Work order: A faithful copy is needed of the lines below from the one with "Trilly Tutti Brilli" up to and including the one with "2.一光纖管長L,光纖核心部"; set it down with no pictures and no other lines.

Listed entries:
* * *

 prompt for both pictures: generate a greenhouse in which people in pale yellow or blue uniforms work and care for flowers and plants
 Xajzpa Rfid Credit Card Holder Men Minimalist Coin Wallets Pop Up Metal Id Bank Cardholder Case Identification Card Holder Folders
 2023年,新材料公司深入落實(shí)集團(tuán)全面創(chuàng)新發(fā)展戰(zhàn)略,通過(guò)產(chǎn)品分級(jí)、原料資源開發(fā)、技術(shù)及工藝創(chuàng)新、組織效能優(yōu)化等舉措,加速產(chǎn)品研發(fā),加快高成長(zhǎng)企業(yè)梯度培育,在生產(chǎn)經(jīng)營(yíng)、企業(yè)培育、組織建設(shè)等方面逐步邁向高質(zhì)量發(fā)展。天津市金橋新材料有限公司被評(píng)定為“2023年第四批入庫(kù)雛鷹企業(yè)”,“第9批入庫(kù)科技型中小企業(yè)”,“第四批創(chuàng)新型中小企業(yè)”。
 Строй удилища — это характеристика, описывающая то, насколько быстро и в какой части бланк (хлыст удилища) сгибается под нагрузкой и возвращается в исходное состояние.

* * *

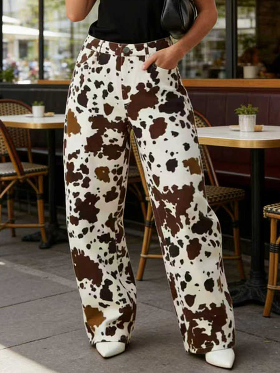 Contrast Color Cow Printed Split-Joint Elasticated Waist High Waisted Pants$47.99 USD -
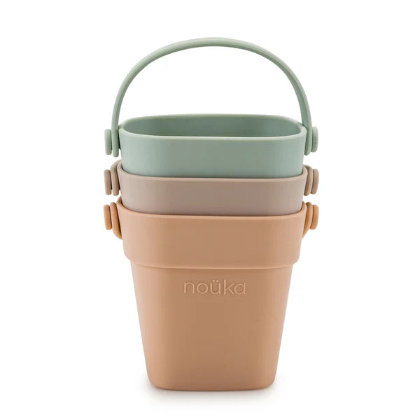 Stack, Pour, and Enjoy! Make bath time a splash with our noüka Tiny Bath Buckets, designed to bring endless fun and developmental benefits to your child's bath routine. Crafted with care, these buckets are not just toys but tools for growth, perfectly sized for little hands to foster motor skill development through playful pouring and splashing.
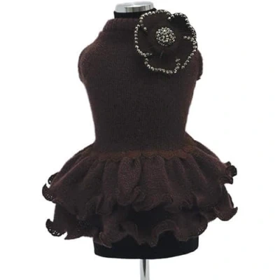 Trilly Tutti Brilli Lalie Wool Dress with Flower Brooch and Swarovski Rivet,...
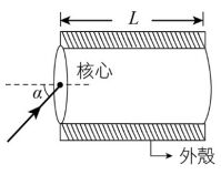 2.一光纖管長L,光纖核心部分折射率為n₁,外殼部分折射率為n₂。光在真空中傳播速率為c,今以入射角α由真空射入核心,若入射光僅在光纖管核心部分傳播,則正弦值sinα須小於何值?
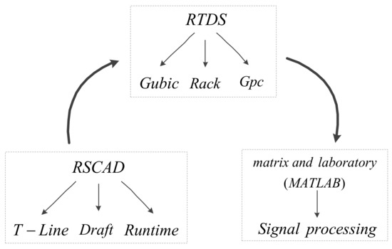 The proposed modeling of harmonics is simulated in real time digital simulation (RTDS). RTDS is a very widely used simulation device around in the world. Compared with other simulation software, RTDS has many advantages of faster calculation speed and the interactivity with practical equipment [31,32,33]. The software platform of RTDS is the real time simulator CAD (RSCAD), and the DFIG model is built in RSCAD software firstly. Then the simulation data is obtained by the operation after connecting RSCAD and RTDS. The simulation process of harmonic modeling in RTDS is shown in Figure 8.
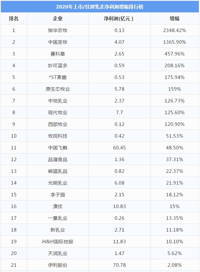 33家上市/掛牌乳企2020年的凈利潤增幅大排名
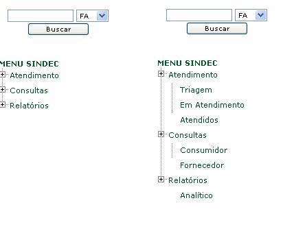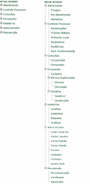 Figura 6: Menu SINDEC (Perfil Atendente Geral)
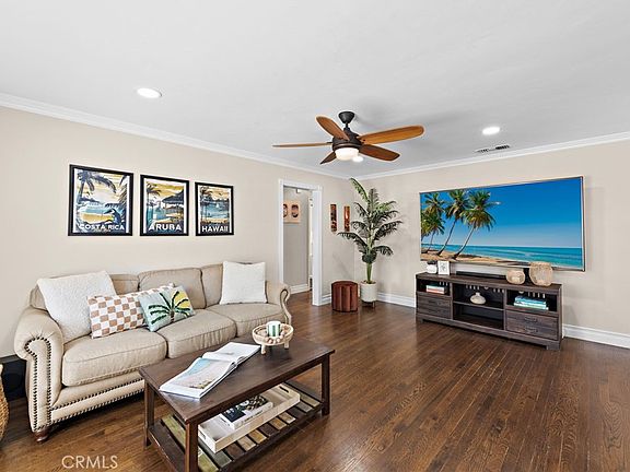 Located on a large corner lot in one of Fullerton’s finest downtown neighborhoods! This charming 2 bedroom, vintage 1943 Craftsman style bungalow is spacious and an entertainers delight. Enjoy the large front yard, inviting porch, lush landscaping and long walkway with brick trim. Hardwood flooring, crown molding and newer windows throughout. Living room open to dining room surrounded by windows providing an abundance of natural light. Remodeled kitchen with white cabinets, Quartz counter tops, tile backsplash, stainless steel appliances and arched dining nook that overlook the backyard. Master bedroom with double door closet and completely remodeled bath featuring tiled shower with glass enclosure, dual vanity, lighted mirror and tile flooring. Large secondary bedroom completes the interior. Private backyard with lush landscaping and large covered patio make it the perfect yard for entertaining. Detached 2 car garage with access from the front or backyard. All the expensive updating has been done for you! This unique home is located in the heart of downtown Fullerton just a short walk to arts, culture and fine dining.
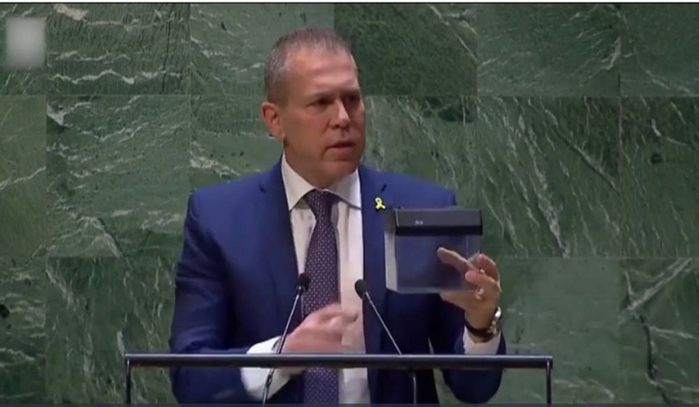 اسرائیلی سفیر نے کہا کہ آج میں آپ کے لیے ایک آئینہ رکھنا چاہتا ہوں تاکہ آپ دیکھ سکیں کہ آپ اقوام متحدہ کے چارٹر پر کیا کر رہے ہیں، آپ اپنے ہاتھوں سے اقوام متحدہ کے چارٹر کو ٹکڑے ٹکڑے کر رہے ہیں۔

* * *

Answer section:
 Trilly Tutti Brilli Lalie Wool Dress with Flower Brooch and Swarovski Rivet,...
 2.一光纖管長L,光纖核心部分折射率為n₁,外殼部分折射率為n₂。光在真空中傳播速率為c,今以入射角α由真空射入核心,若入射光僅在光纖管核心部分傳播,則正弦值sinα須小於何值?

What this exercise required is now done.